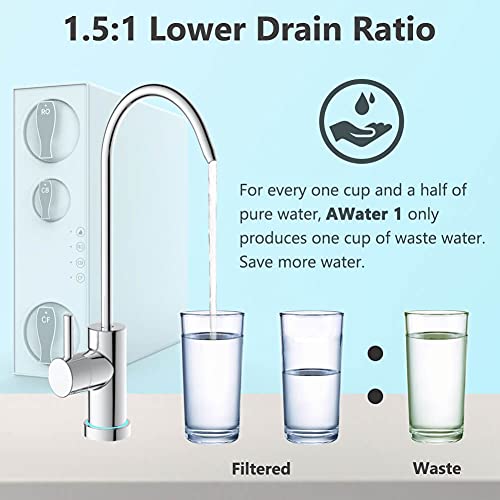 - Tankless Design: The compact AWater 1 RO water filter system with a small and convenient footprint takes up less space, saves storage under kitchen sink. No tank also means no more secondary pollution. Guaranteed to provide ultra-pure, safe and clean water for you and your family.
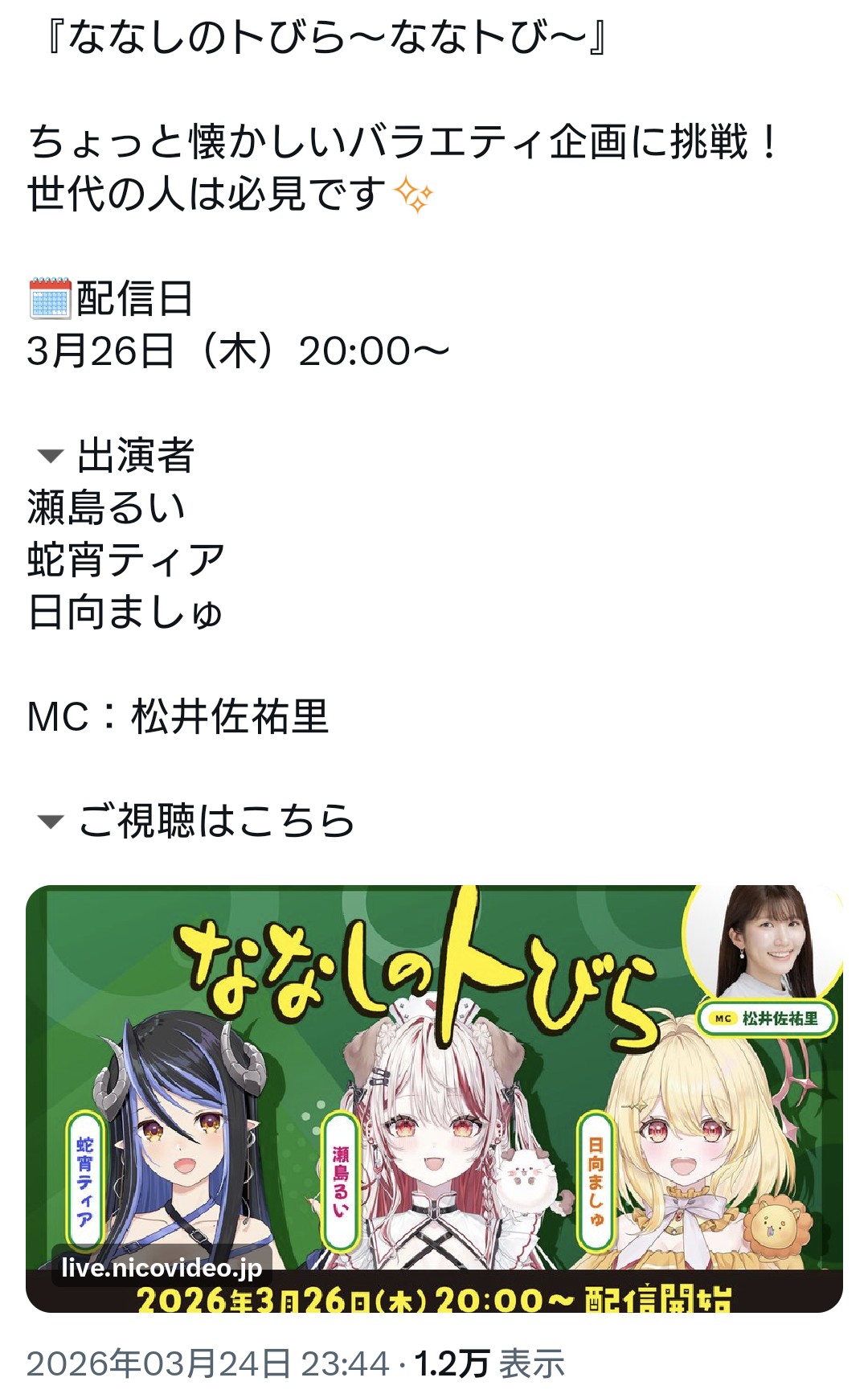| … | 12無題Name名無し 26/03/24(火)09:15:21 IP:120.51.*(vectant.ne.jp)No.1959898そうだねx6 1774311321087.jpg-(304969 B) すばるしゃん主催の歌枠リレーにカミ |
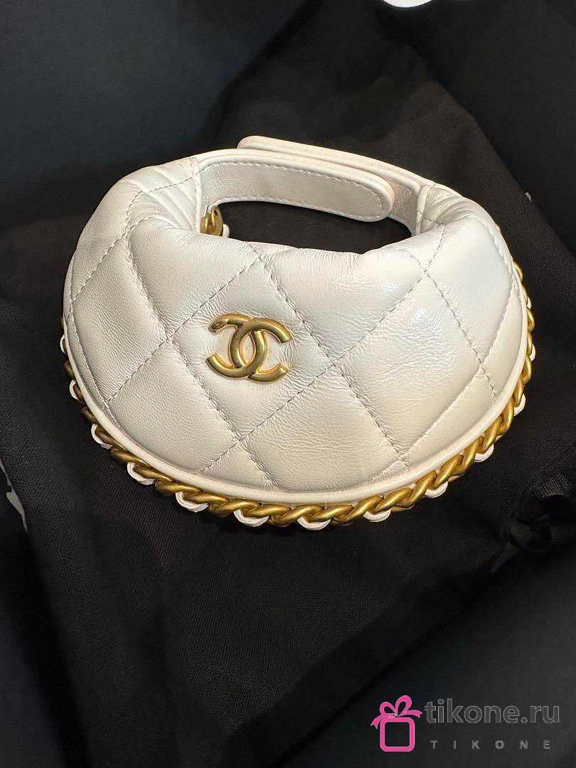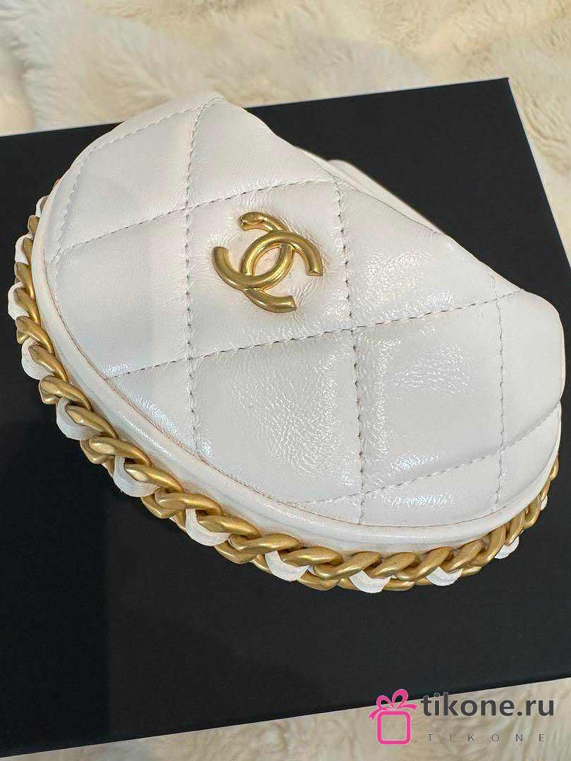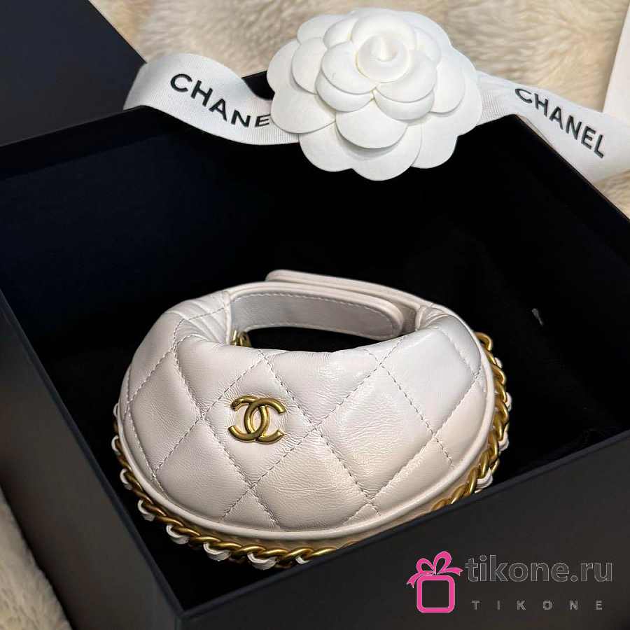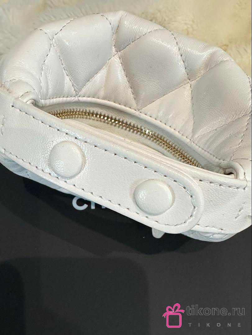 Chanel Mini Pouch Shiny Crumpled Lambskin & Gold Tone Metal White - 12x13x8cm
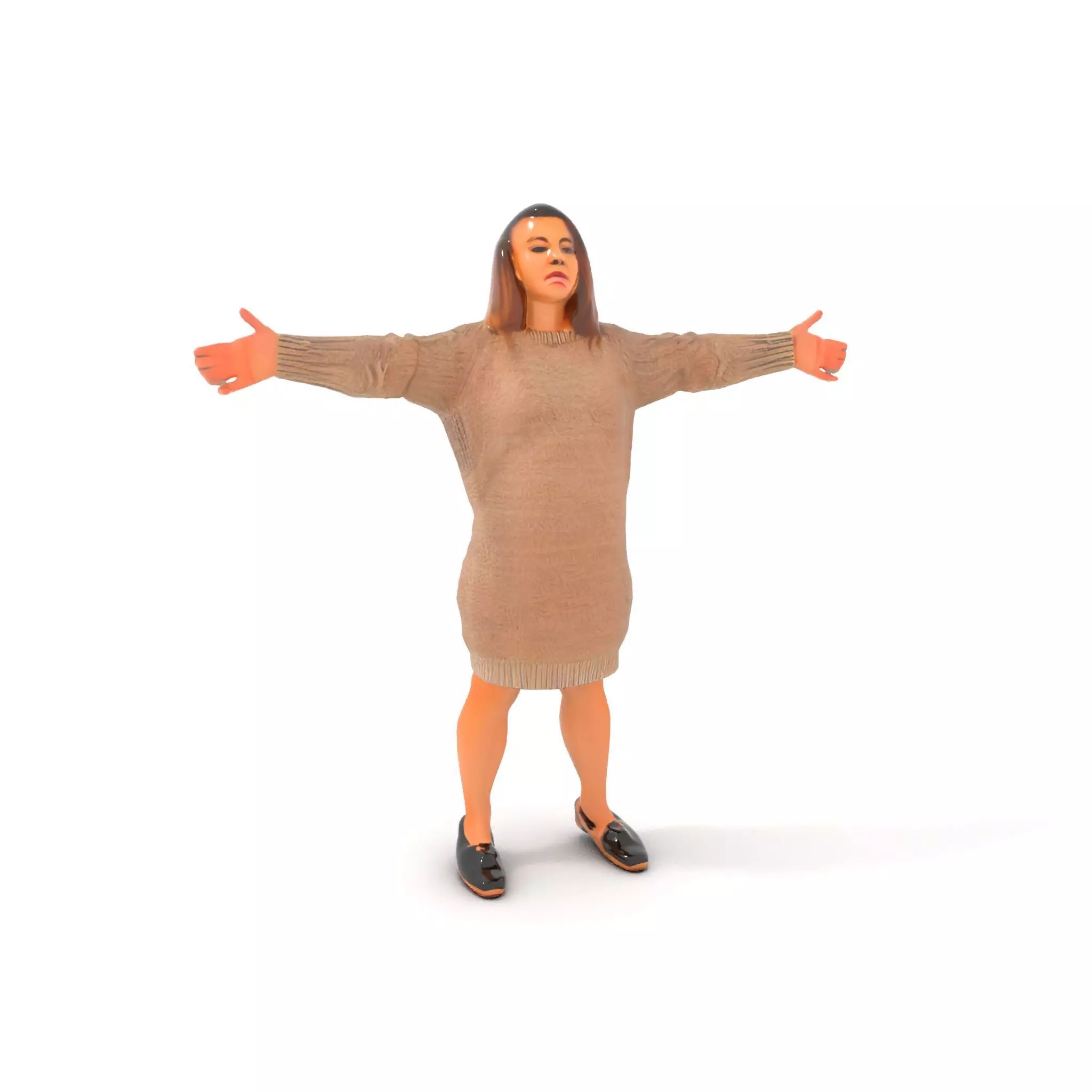 This 3D model pack features a cozy beige sweater dress, perfect for creating realistic character designs or fashion visualizations. Each model has 3 levels of detail: low-poly (1000 triangles for mobile), middle-poly (10,000 triangles for environment), and high-poly (100,000 triangles), which allows for the use of this model in production rendering (such as 3ds Max, Maya, Cinema4D, Blender, Vray/Corona/Cycles and all other), game engines (Unity and Unreal compatible), and interactive presentations, providing a choice of detail based on the LOD System principle. This model is ideal for winter-themed scenes, virtual fashion shows, or character modeling in games. The model's textures are PBR, Diffuse, NormalMap, and reflection/roughness/metallic, which are suitable for any modern rendering engine. All models are accurately unwrapped and have no overlapping UV. Textures are 4096*4096 in size. Please like and leave a comment for the model if you enjoyed it.

☆ ☆ ☆

* [Task statement]
Retype the material above exactly, images excluded.

* [Problem solution]
 - Tankless Design: The compact AWater 1 RO water filter system with a small and convenient footprint takes up less space, saves storage under kitchen sink. No tank also means no more secondary pollution. Guaranteed to provide ultra-pure, safe and clean water for you and your family.
| … | 12無題Name名無し 26/03/24(火)09:15:21 IP:120.51.*(vectant.ne.jp)No.1959898そうだねx6 1774311321087.jpg-(304969 B) すばるしゃん主催の歌枠リレーにカミ |
 Chanel Mini Pouch Shiny Crumpled Lambskin & Gold Tone Metal White - 12x13x8cm
 This 3D model pack features a cozy beige sweater dress, perfect for creating realistic character designs or fashion visualizations. Each model has 3 levels of detail: low-poly (1000 triangles for mobile), middle-poly (10,000 triangles for environment), and high-poly (100,000 triangles), which allows for the use of this model in production rendering (such as 3ds Max, Maya, Cinema4D, Blender, Vray/Corona/Cycles and all other), game engines (Unity and Unreal compatible), and interactive presentations, providing a choice of detail based on the LOD System principle. This model is ideal for winter-themed scenes, virtual fashion shows, or character modeling in games. The model's textures are PBR, Diffuse, NormalMap, and reflection/roughness/metallic, which are suitable for any modern rendering engine. All models are accurately unwrapped and have no overlapping UV. Textures are 4096*4096 in size. Please like and leave a comment for the model if you enjoyed it.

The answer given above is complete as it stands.